* _About this task_
Look below for the line containing "봄 면화 달콤한 소년과" and the line containing "デポーで値引きだったライ麦入", then set down both and every line between them exactly, without pictures.

* _Data shown_
----

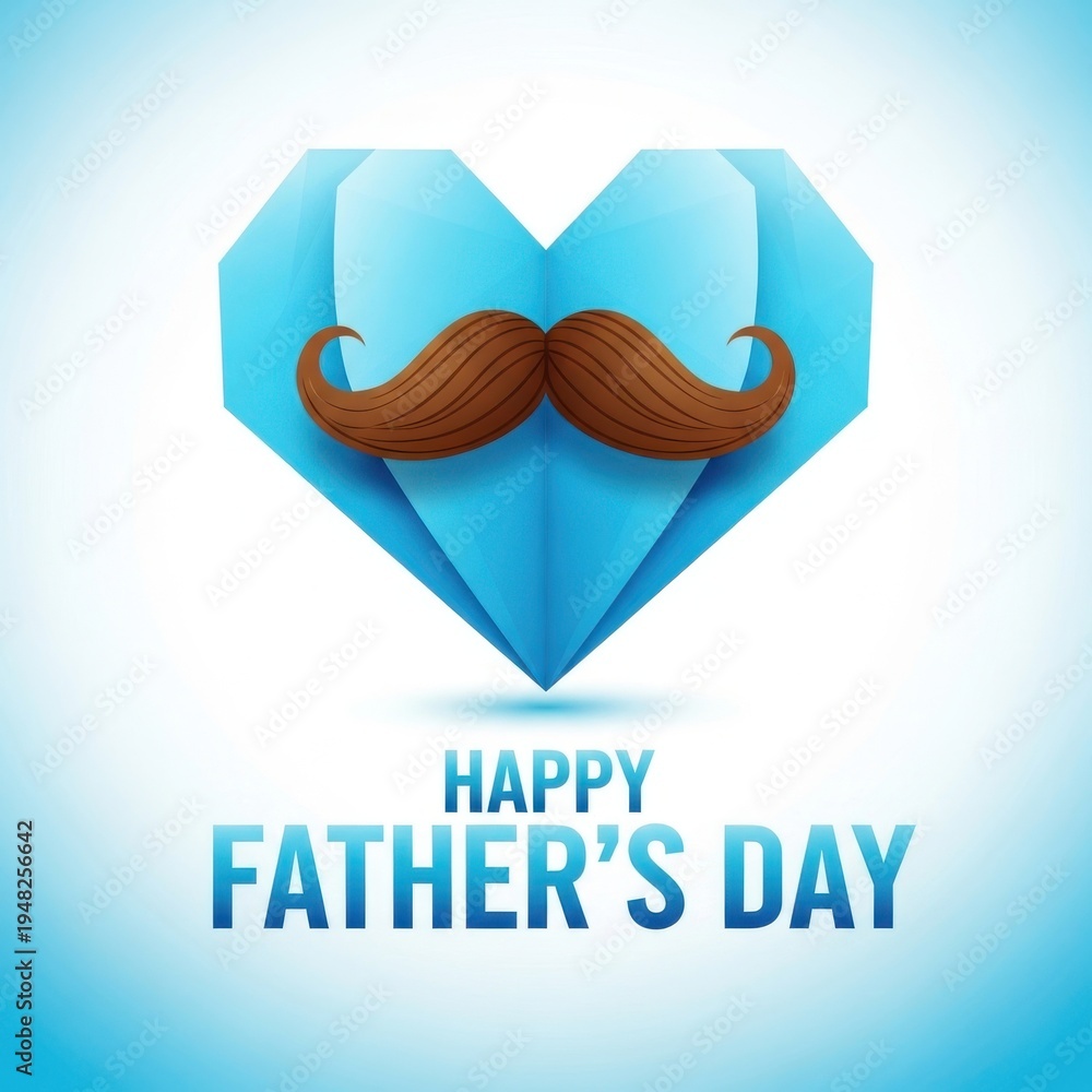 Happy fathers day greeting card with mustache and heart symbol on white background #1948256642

----

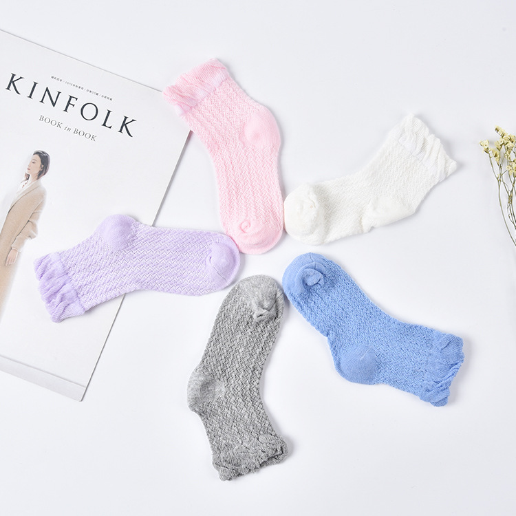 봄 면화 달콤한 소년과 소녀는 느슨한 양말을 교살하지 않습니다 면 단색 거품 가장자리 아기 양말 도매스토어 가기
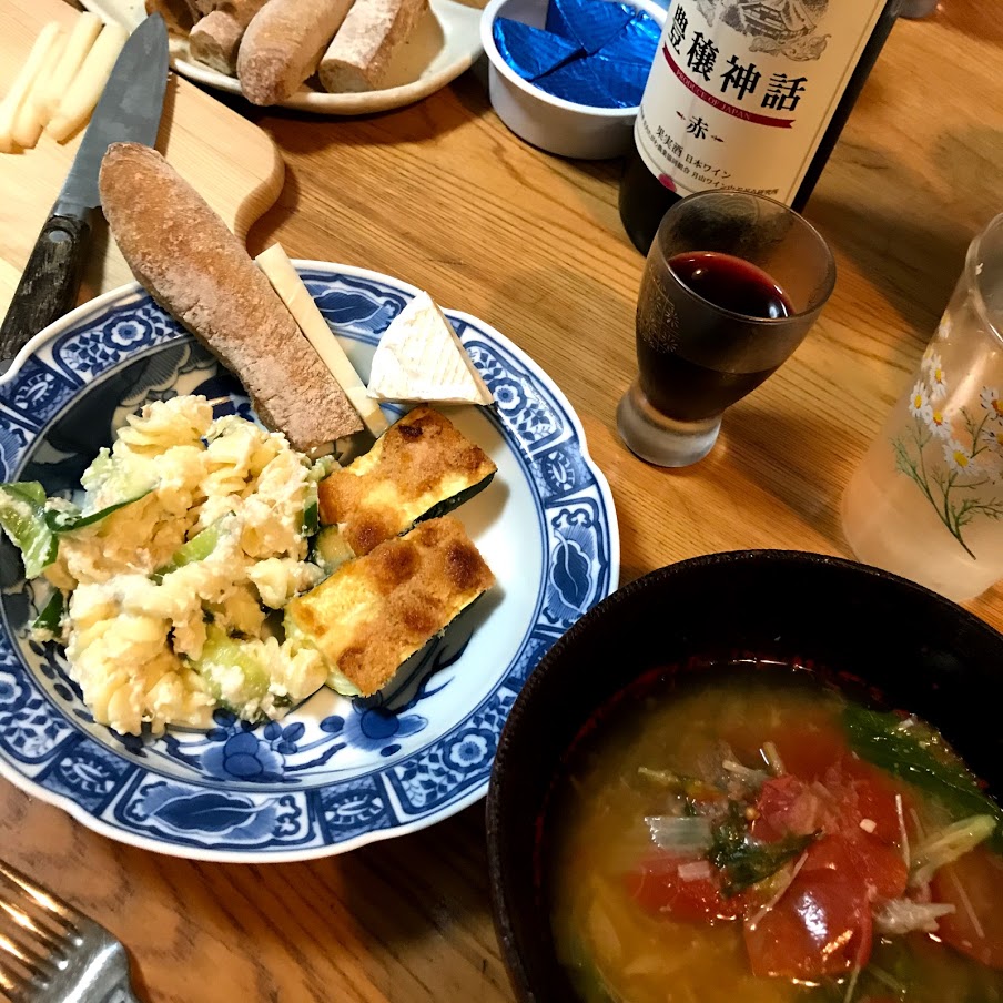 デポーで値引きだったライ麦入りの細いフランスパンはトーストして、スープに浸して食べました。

----

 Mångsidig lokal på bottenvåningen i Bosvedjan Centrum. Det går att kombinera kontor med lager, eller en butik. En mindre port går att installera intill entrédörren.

----

* _Problem solution_
 봄 면화 달콤한 소년과 소녀는 느슨한 양말을 교살하지 않습니다 면 단색 거품 가장자리 아기 양말 도매스토어 가기
 デポーで値引きだったライ麦入りの細いフランスパンはトーストして、スープに浸して食べました。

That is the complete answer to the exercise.